## Syntax

• bimap :: (a -> b) -> (c -> d) -> p a c -> p b d
• first :: (a -> b) -> p a c -> p b c
• second :: (b -> c) -> p a b -> p a c

## Remarks

A run of the mill `Functor` is covariant in a single type parameter. For instance, if `f` is a `Functor`, then given an `f a`, and a function of the form `a -> b`, one can obtain an `f b` (through the use of `fmap`).

A `Bifunctor` is covariant in two type parameters. If `f` is a `Bifunctor`, then given an `f a b`, and two functions, one from `a -> c`, and another from `b -> d`, then one can obtain an `f c d` (using `bimap`).
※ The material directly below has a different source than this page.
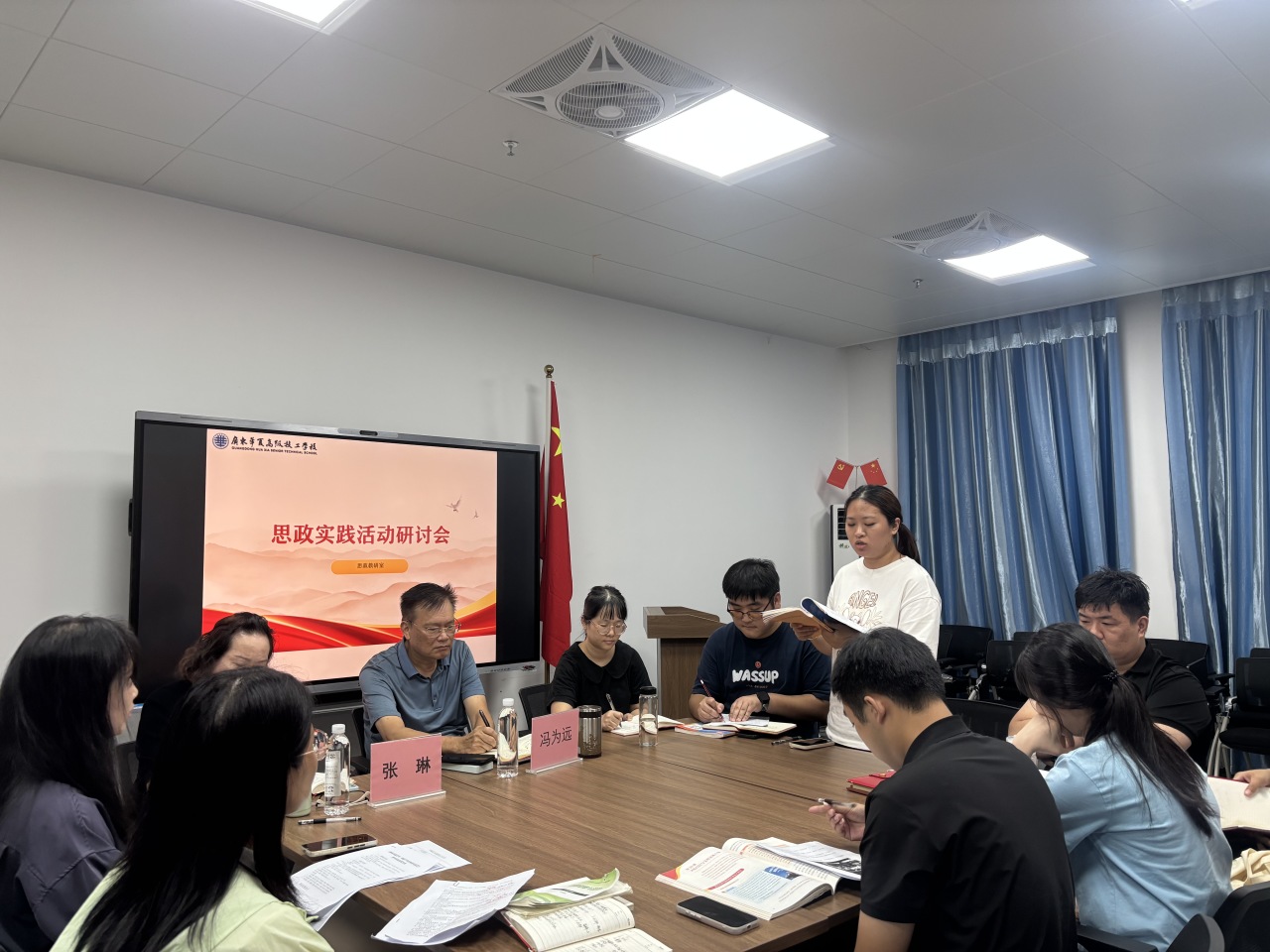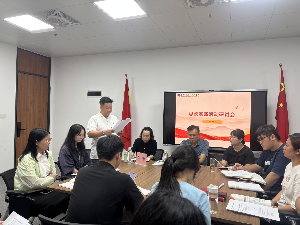 最后,张琳作总结发言,希望各位老师在今后的教学工作中,继续深化思政教学改革,创新实践教学方法,丰富实践教学内容,不断提高思政课的针对性与实效性,为培养德智体美劳全面发展的高素质技能人才贡献智慧和力量。

`first` should be thought of as an `fmap` over the first type parameter, `second` as an `fmap` over the second, and `bimap` should be conceived as mapping two functions covariantly over the first and second type parameters, respectively.

## Two-element tuples

`(,)` is an example of a type that has a `Bifunctor` instance.

``````instance Bifunctor (,) where
bimap f g (x, y) = (f x, g y)
``````

`bimap` takes a pair of functions and applies them to the tuple's respective components.

``````bimap (+ 2) (++ "nie") (3, "john") --> (5,"johnnie")
bimap ceiling length (3.5 :: Double, "john" :: String) --> (4,4)
``````

## `Either`

`Either`'s instance of `Bifunctor` selects one of the two functions to apply depending on whether the value is `Left` or `Right`.

``````instance Bifunctor Either where
bimap f g (Left x) = Left (f x)
bimap f g (Right y) = Right (g y)
``````

## first and second

If mapping covariantly over only the first argument, or only the second argument, is desired, then `first` or `second` ought to be used (in lieu of `bimap`).

``````first :: Bifunctor f => (a -> c) -> f a b -> f c b
first f = bimap f id

second :: Bifunctor f => (b -> d) -> f a b -> f a d
second g = bimap id g
``````

For example,

``````ghci> second (+ 2) (Right 40)
Right 42
ghci> second (+ 2) (Left "uh oh")
Left "uh oh"
``````

## Definition of Bifunctor

`Bifunctor` is the class of types with two type parameters (`f :: * -> * -> *`), both of which can be covariantly mapped over simultaneously.

``````class Bifunctor f where
bimap :: (a -> c) -> (b -> d) -> f a b -> f c d
``````

`bimap` can be thought of as applying a pair of `fmap` operations to a datatype.

A correct instance of `Bifunctor` for a type `f` must satisfy the bifunctor laws, which are analogous to the functor laws:

``````bimap id id = id  -- identity
bimap (f . g) (h . i) = bimap f h . bimap g i  -- composition
``````

The `Bifunctor` class is found in the `Data.Bifunctor` module. For GHC versions >7.10, this module is bundled with the compiler; for earlier versions you need to install the `bifunctors` package.